Buzz

City Attorney Tom Carr, who insists he’s “no fan” of the reviled poster ban, decided on Tuesday—despite the stated concerns of at least two City Council members—to ask for a review of a state Appeals Court decision upending the ban, which prohibited posters on city utility poles. Carr says he decided to seek state Supreme Court review because the ruling, by defining utility poles as a highly protected “traditional public forum,” gives the city no leeway to restrict where, when, and how posters can be affixed to public objects. “I would think that everyone in the city would at least like to ban posters on trees in parks,” Carr says. Whatever the Supreme Court has to say about the decision, council member Nick Licata says he expects to see a new ordinance soon that would clarify where, when, and how posters could be affixed to public poles. “The bottom line is that this law is going to be overturned anyhow,” Licata says. . . .

Public housing could soon be getting a lot more crowded.

The Seattle Housing Authority (SHA), which runs a locally funded housing program for low-income seniors, quietly made plans in July to send the poorest of those seniors packing. Now only seniors making more than about $12,000 a year, or around 22 percent of the Seattle median income, will be eligible for the Seattle Senior Housing Program (SSHP). The new guidelines require that tenants pay no more than 40 percent of their income as rent, so applicants who can’t afford the new monthly rent of $390 a month will be sloughed off into other programs, such as public housing.

Hinda Kipnis, an exiled New Yorker, pays the rent on her SSHP apartment with a meager monthly Social Security check. But if she wanted to move in today, Kipnis says, she couldn’t afford SHA’s new minimum. “I’d have to go into [public] housing, and I don’t want to go there,” Kipnis says. “I like my apartment.”

It wasn’t supposed to work this way.

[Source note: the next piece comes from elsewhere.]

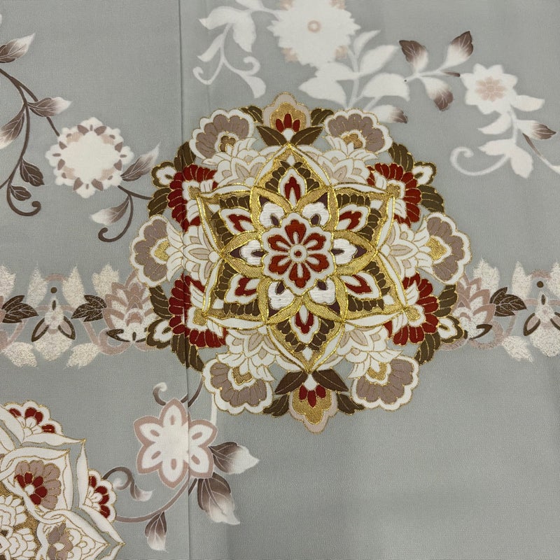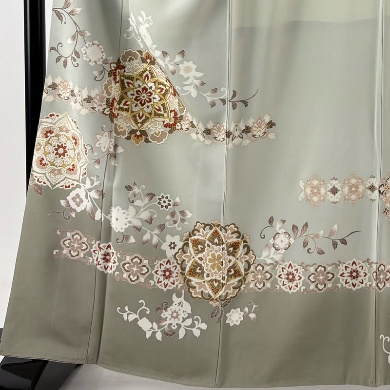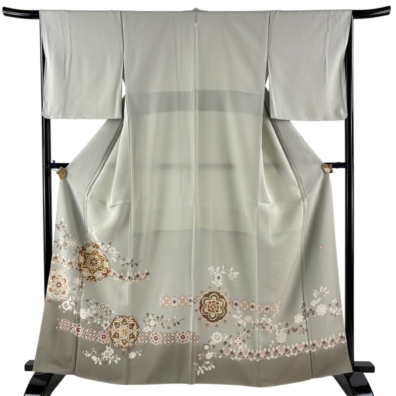 【色留袖】 灰色系 灰緑 秀品 B 約160cm~約169cm 裄丈66cm (M)size 袖丈49cm 4000-7980 二万以下

The program, begun in 1981 and funded through local bonds, was meant to provide housing for seniors making less than 80 percent of Seattle’s median — which, in those days, wasn’t a heck of a lot. The idea, SHA’s Virginia Felton says, was that higher- income seniors would subsidize the rents of those who made less, and the whole thing would pay for itself. As it turned out, “there’s been little difference [in incomes] between senior housing and public housing,” Felton says. “If we kept this program affordable all the way down the scale, as it has been, we couldn’t keep it viable,” Felton says. “This is not the best program to serve the poorest of the poor.” Instead, SHA is offering Section 8 vouchers and spots in public housing to its lowest-income seniors.

The problem is, many of them don’t want to go. Kipnis says she turned down a Section 8 voucher herself not long ago. “Section 8’s belong to people who are very needy,” Kipnis says. “They do not belong in the Senior Housing Program.”

And tenant advocates like John Fox of the Seattle Displacement Coalition note that SHA’s mandate is to serve the neediest people regardless of whether they turn a profit. “There are tons of low-income seniors out there in the private sector who are paying more than 40 percent of their income on rent [already], and they’re being denied access to those units, ” Fox says.